◆ Task ◆
Shown below are entries with pictures; the line with "In this paper, we" through the line with "Figure 1 illustrates" is the span to retype exactly, and the pictures stay out.

◆ Source data ◆
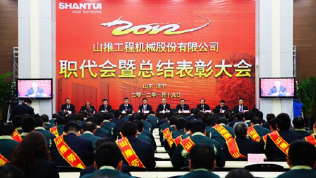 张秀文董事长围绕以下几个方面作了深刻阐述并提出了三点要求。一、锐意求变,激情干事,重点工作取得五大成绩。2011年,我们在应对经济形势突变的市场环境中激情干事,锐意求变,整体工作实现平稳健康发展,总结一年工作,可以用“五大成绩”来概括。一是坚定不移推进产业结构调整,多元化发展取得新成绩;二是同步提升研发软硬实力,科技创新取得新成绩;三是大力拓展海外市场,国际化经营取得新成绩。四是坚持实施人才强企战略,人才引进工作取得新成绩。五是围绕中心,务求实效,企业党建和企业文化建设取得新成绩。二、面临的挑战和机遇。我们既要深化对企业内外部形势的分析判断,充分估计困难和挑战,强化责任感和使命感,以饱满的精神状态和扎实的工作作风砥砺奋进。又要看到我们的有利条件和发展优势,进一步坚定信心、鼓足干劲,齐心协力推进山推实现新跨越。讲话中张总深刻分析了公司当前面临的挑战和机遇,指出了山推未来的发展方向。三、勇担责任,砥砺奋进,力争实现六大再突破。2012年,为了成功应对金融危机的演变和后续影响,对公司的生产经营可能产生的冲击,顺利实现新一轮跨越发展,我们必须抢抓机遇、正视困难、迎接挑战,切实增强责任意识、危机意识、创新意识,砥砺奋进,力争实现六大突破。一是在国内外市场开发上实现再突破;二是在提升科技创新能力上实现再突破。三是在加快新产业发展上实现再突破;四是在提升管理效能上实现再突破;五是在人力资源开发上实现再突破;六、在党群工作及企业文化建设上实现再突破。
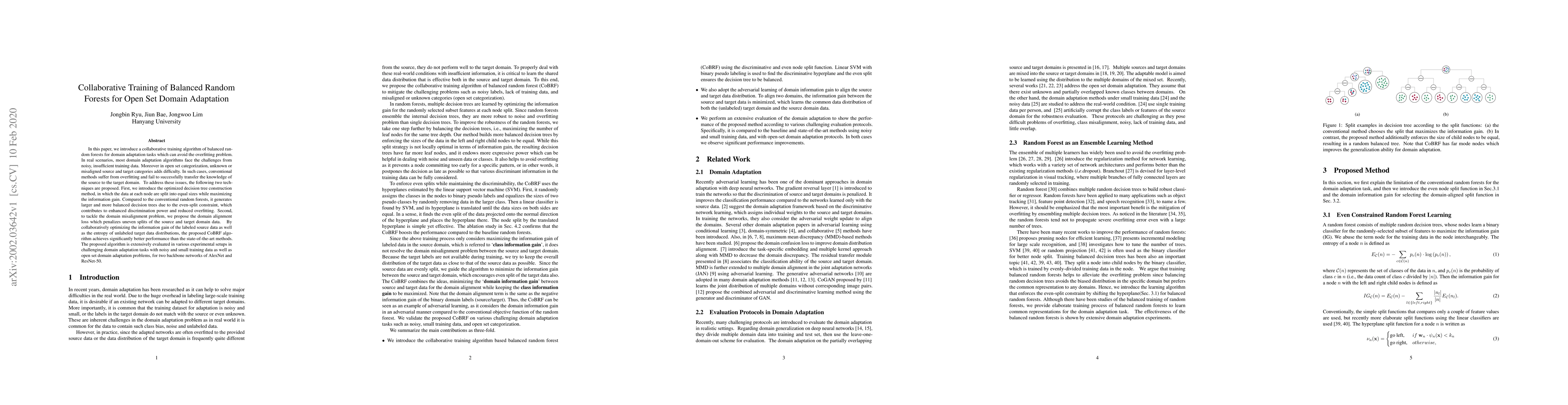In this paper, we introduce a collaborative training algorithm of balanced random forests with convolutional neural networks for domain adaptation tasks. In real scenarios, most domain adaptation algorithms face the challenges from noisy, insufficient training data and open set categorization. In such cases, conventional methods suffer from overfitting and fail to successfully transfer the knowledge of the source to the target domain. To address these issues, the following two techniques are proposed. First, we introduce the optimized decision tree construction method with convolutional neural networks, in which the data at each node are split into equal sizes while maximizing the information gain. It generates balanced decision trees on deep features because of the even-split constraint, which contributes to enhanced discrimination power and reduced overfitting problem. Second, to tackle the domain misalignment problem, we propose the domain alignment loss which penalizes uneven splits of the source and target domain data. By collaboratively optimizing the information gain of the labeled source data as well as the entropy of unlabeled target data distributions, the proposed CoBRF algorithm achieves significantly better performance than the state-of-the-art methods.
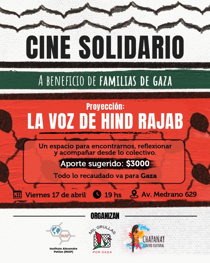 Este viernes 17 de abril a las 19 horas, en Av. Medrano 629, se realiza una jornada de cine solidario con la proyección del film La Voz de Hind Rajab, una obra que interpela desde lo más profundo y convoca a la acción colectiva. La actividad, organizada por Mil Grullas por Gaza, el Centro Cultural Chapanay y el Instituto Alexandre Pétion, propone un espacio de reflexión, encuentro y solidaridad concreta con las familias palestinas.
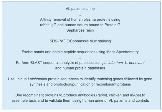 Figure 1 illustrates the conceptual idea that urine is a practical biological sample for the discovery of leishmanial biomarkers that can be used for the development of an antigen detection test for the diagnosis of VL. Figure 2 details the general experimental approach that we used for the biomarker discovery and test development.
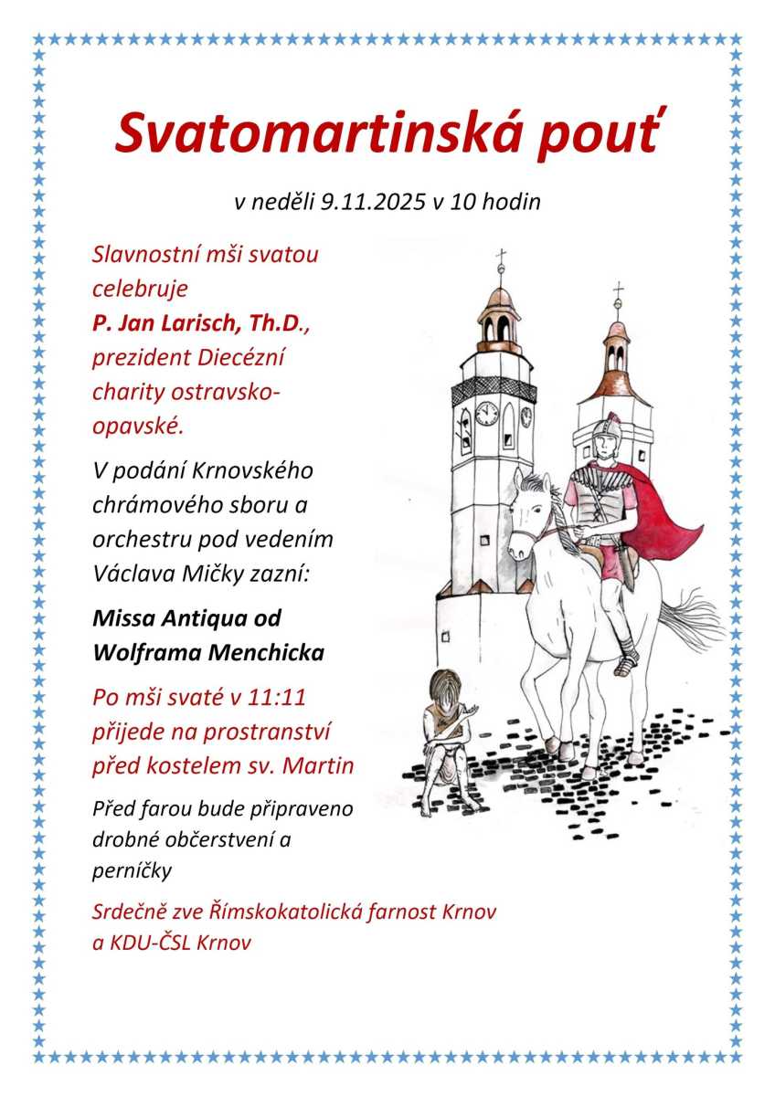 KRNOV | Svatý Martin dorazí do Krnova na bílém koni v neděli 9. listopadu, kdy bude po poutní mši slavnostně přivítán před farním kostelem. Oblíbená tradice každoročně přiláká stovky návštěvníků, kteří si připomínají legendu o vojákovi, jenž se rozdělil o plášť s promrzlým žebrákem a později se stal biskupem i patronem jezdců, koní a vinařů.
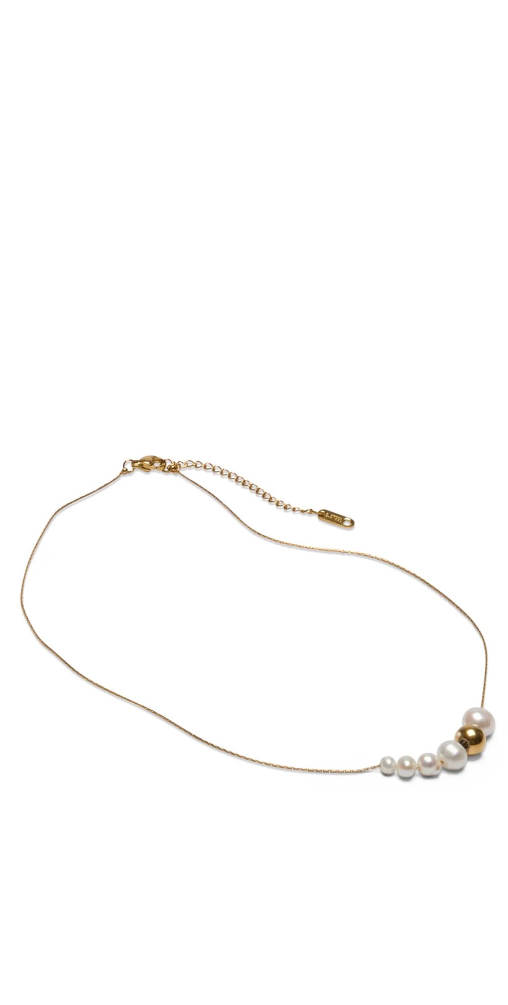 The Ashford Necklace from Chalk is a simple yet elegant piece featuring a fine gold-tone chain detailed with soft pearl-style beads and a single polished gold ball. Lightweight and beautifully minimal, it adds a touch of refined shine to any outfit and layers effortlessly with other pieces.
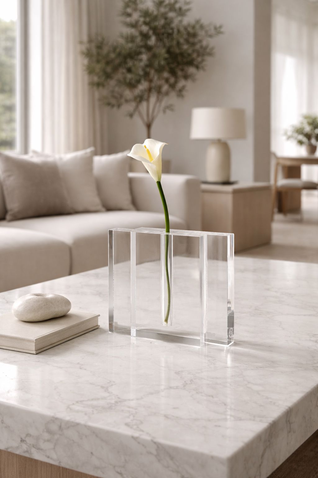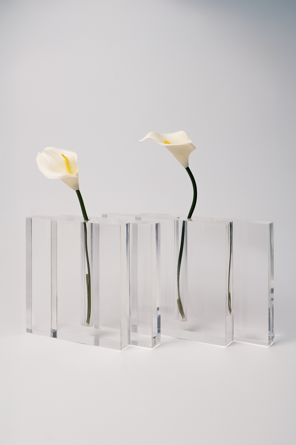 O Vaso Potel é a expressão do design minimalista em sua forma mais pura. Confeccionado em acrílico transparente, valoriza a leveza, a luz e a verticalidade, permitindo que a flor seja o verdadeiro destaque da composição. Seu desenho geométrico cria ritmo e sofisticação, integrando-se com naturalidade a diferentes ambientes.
==
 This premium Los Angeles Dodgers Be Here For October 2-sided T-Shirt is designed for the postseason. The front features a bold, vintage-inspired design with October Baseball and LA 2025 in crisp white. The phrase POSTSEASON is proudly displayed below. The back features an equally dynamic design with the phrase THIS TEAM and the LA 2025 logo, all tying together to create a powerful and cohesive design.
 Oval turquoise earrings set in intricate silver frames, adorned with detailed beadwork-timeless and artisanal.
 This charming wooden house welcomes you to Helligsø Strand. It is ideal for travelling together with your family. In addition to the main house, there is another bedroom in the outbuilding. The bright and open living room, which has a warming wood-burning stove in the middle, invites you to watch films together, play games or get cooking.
==
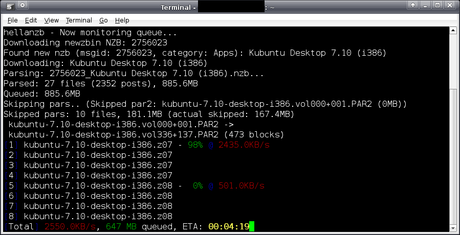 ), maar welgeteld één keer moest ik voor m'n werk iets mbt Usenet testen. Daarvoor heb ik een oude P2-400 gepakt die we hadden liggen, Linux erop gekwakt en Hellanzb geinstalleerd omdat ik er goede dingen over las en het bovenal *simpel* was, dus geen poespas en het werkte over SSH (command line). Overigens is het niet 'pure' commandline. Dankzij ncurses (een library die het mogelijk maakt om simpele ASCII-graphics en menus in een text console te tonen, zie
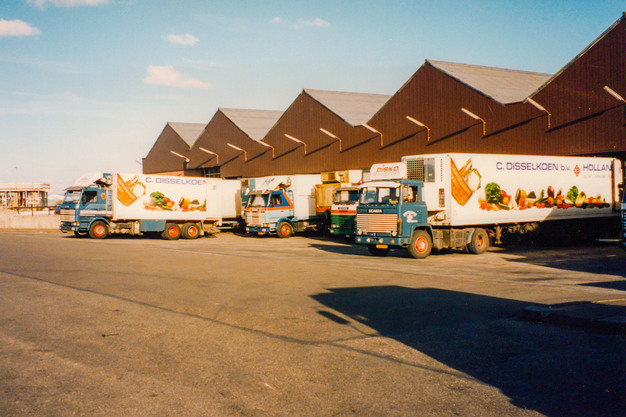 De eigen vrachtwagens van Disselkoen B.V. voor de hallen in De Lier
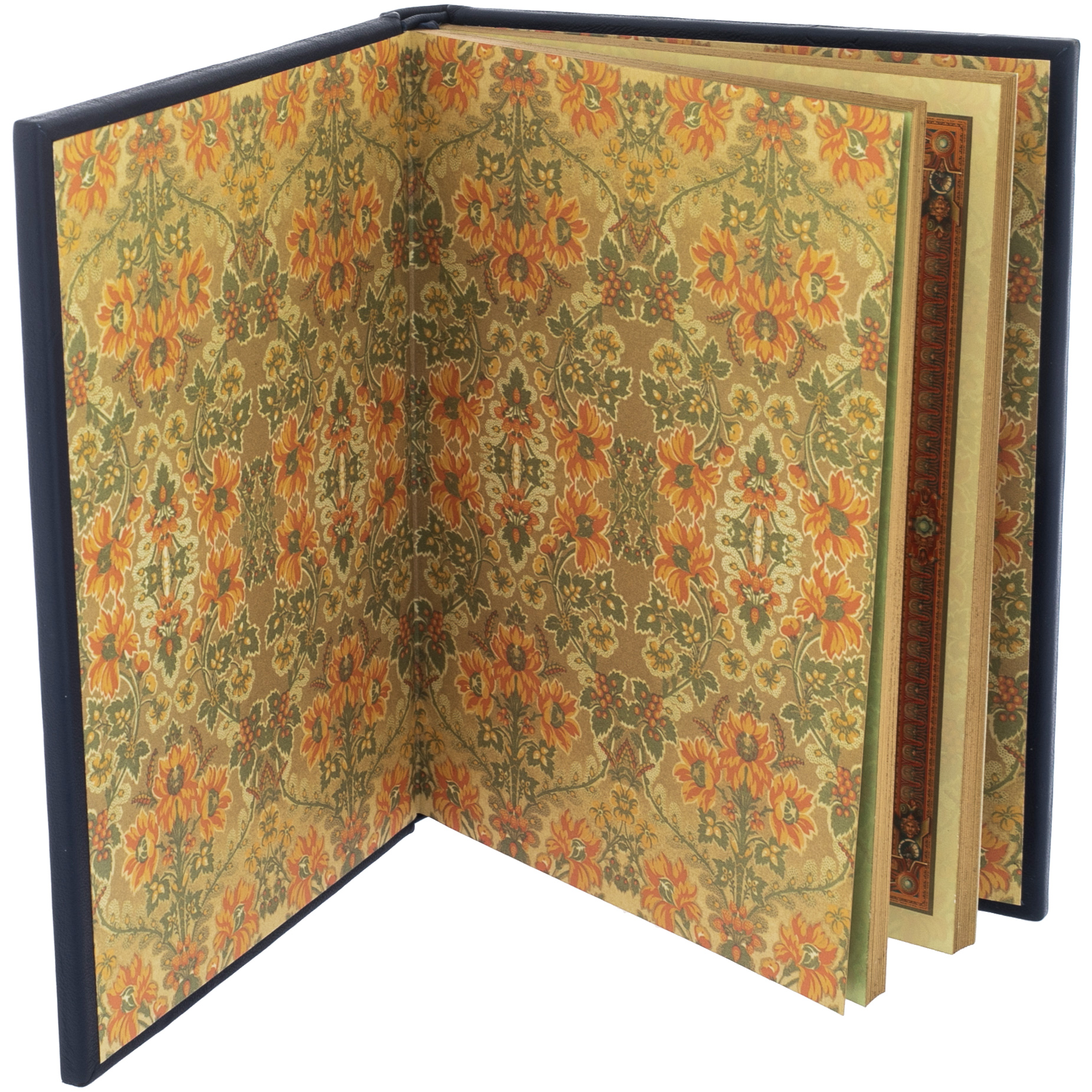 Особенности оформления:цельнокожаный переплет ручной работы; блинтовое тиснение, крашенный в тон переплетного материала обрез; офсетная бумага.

◆ Answer space ◆
In this paper, we introduce a collaborative training algorithm of balanced random forests with convolutional neural networks for domain adaptation tasks. In real scenarios, most domain adaptation algorithms face the challenges from noisy, insufficient training data and open set categorization. In such cases, conventional methods suffer from overfitting and fail to successfully transfer the knowledge of the source to the target domain. To address these issues, the following two techniques are proposed. First, we introduce the optimized decision tree construction method with convolutional neural networks, in which the data at each node are split into equal sizes while maximizing the information gain. It generates balanced decision trees on deep features because of the even-split constraint, which contributes to enhanced discrimination power and reduced overfitting problem. Second, to tackle the domain misalignment problem, we propose the domain alignment loss which penalizes uneven splits of the source and target domain data. By collaboratively optimizing the information gain of the labeled source data as well as the entropy of unlabeled target data distributions, the proposed CoBRF algorithm achieves significantly better performance than the state-of-the-art methods.
 Este viernes 17 de abril a las 19 horas, en Av. Medrano 629, se realiza una jornada de cine solidario con la proyección del film La Voz de Hind Rajab, una obra que interpela desde lo más profundo y convoca a la acción colectiva. La actividad, organizada por Mil Grullas por Gaza, el Centro Cultural Chapanay y el Instituto Alexandre Pétion, propone un espacio de reflexión, encuentro y solidaridad concreta con las familias palestinas.
 Figure 1 illustrates the conceptual idea that urine is a practical biological sample for the discovery of leishmanial biomarkers that can be used for the development of an antigen detection test for the diagnosis of VL. Figure 2 details the general experimental approach that we used for the biomarker discovery and test development.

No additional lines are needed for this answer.